The data ->
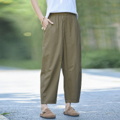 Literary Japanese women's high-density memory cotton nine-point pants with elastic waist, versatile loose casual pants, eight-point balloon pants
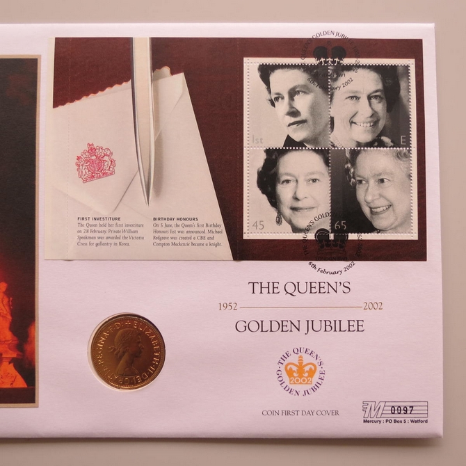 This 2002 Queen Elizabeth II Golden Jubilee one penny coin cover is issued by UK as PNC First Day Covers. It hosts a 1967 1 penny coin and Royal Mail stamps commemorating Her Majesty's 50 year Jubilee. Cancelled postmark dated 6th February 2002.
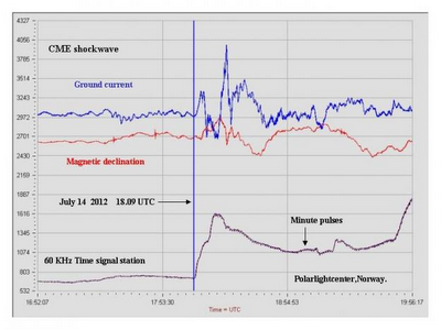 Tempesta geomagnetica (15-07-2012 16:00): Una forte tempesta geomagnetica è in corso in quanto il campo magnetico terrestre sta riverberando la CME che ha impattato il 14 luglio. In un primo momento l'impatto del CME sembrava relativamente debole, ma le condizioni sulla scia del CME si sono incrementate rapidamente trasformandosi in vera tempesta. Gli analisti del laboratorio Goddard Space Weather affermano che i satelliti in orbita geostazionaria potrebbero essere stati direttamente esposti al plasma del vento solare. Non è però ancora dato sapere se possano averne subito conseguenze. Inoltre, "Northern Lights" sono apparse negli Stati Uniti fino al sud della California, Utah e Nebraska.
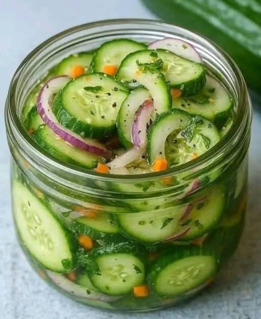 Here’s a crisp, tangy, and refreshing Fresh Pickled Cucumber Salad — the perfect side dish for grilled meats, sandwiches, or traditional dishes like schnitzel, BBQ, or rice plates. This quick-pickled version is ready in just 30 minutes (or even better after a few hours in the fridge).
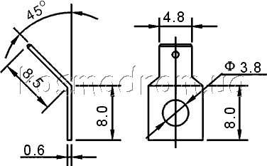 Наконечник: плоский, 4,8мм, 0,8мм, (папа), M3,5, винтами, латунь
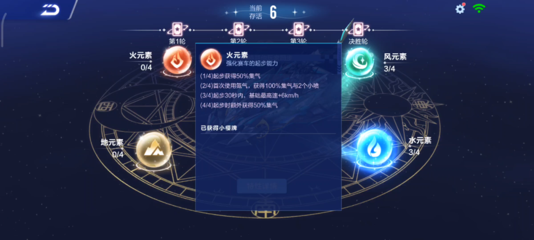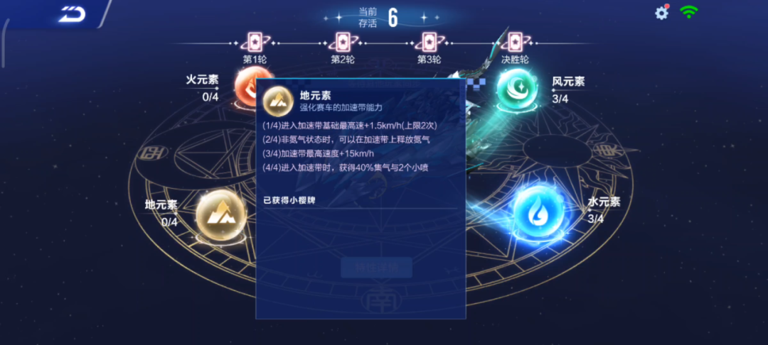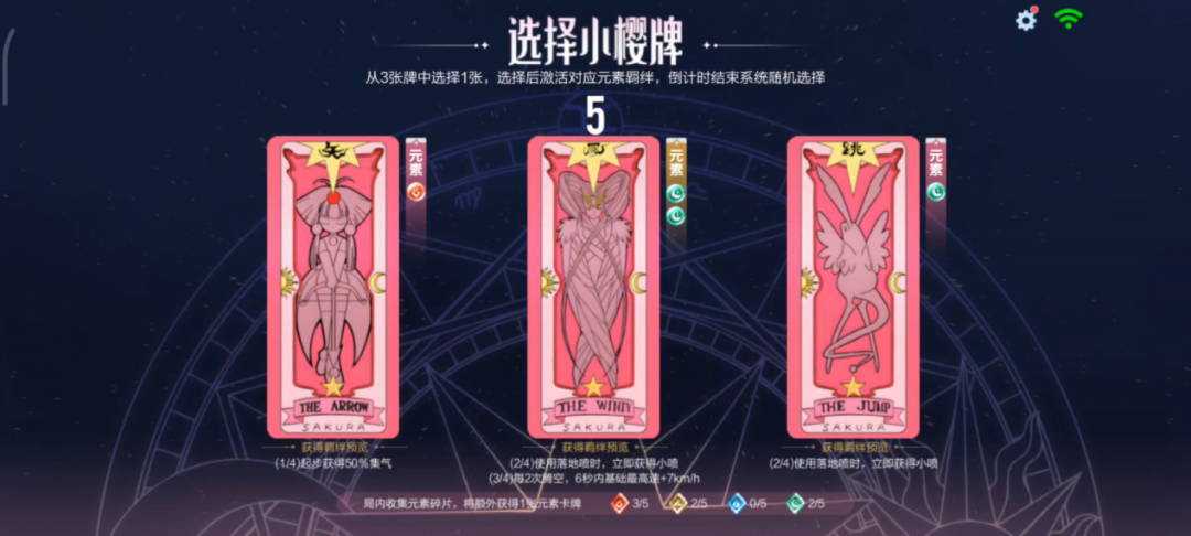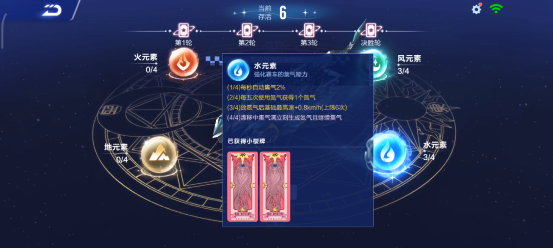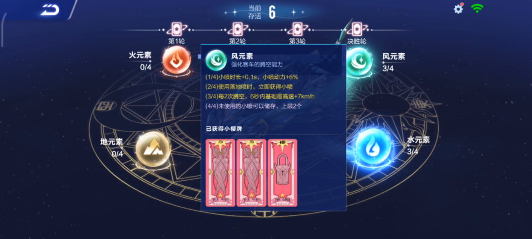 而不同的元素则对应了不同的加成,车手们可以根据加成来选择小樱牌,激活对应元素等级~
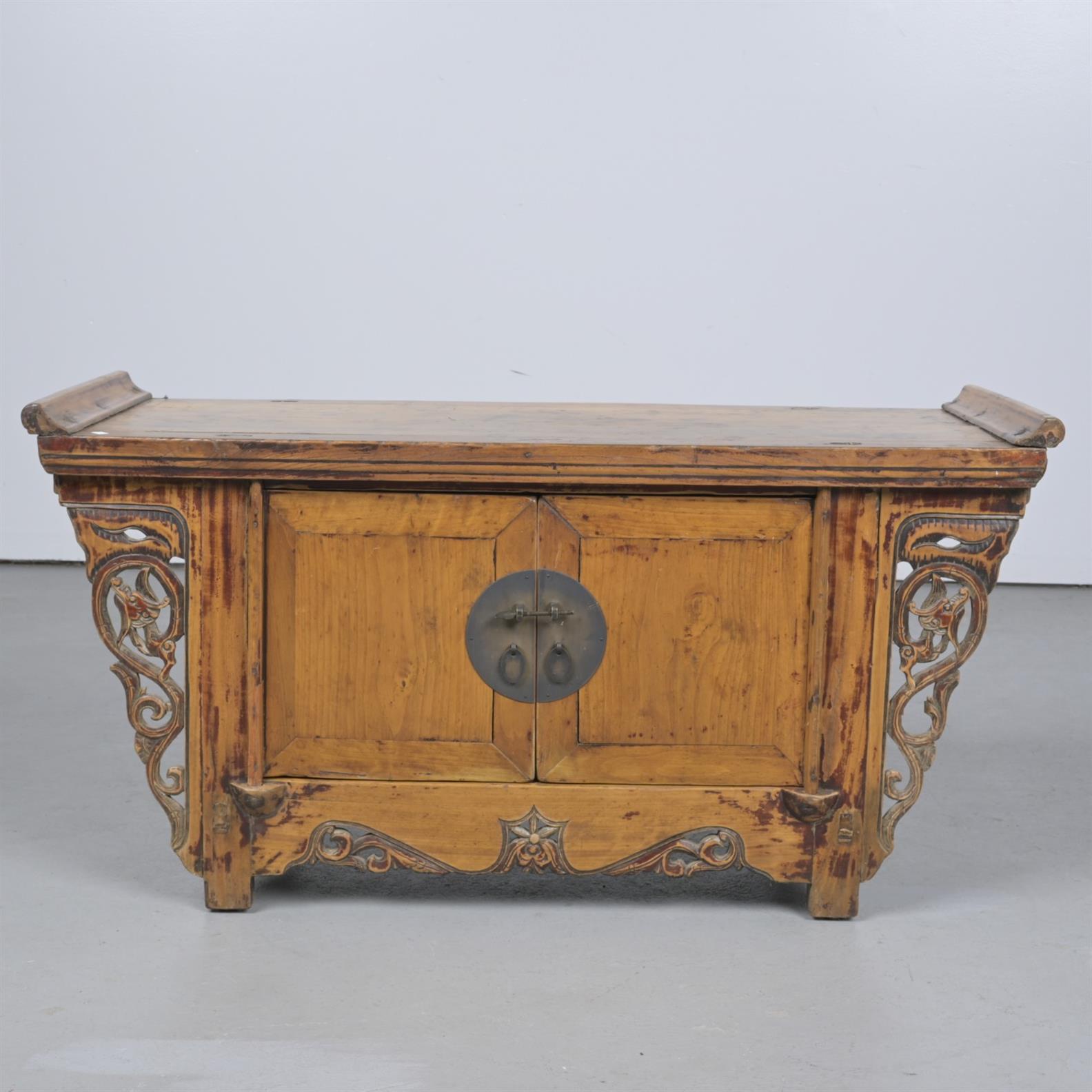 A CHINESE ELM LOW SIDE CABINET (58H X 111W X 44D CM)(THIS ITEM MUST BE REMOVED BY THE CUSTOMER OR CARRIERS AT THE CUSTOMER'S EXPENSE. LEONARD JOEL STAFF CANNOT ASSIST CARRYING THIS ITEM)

To do ->
What is needed is an exact copy of each line from the top of the data above through the line containing "而不同的元素则对应了不同的加", with no pictures.

Written answer ->
 Literary Japanese women's high-density memory cotton nine-point pants with elastic waist, versatile loose casual pants, eight-point balloon pants
 This 2002 Queen Elizabeth II Golden Jubilee one penny coin cover is issued by UK as PNC First Day Covers. It hosts a 1967 1 penny coin and Royal Mail stamps commemorating Her Majesty's 50 year Jubilee. Cancelled postmark dated 6th February 2002.
 Tempesta geomagnetica (15-07-2012 16:00): Una forte tempesta geomagnetica è in corso in quanto il campo magnetico terrestre sta riverberando la CME che ha impattato il 14 luglio. In un primo momento l'impatto del CME sembrava relativamente debole, ma le condizioni sulla scia del CME si sono incrementate rapidamente trasformandosi in vera tempesta. Gli analisti del laboratorio Goddard Space Weather affermano che i satelliti in orbita geostazionaria potrebbero essere stati direttamente esposti al plasma del vento solare. Non è però ancora dato sapere se possano averne subito conseguenze. Inoltre, "Northern Lights" sono apparse negli Stati Uniti fino al sud della California, Utah e Nebraska.
 Here’s a crisp, tangy, and refreshing Fresh Pickled Cucumber Salad — the perfect side dish for grilled meats, sandwiches, or traditional dishes like schnitzel, BBQ, or rice plates. This quick-pickled version is ready in just 30 minutes (or even better after a few hours in the fridge).
 Наконечник: плоский, 4,8мм, 0,8мм, (папа), M3,5, винтами, латунь
 而不同的元素则对应了不同的加成,车手们可以根据加成来选择小樱牌,激活对应元素等级~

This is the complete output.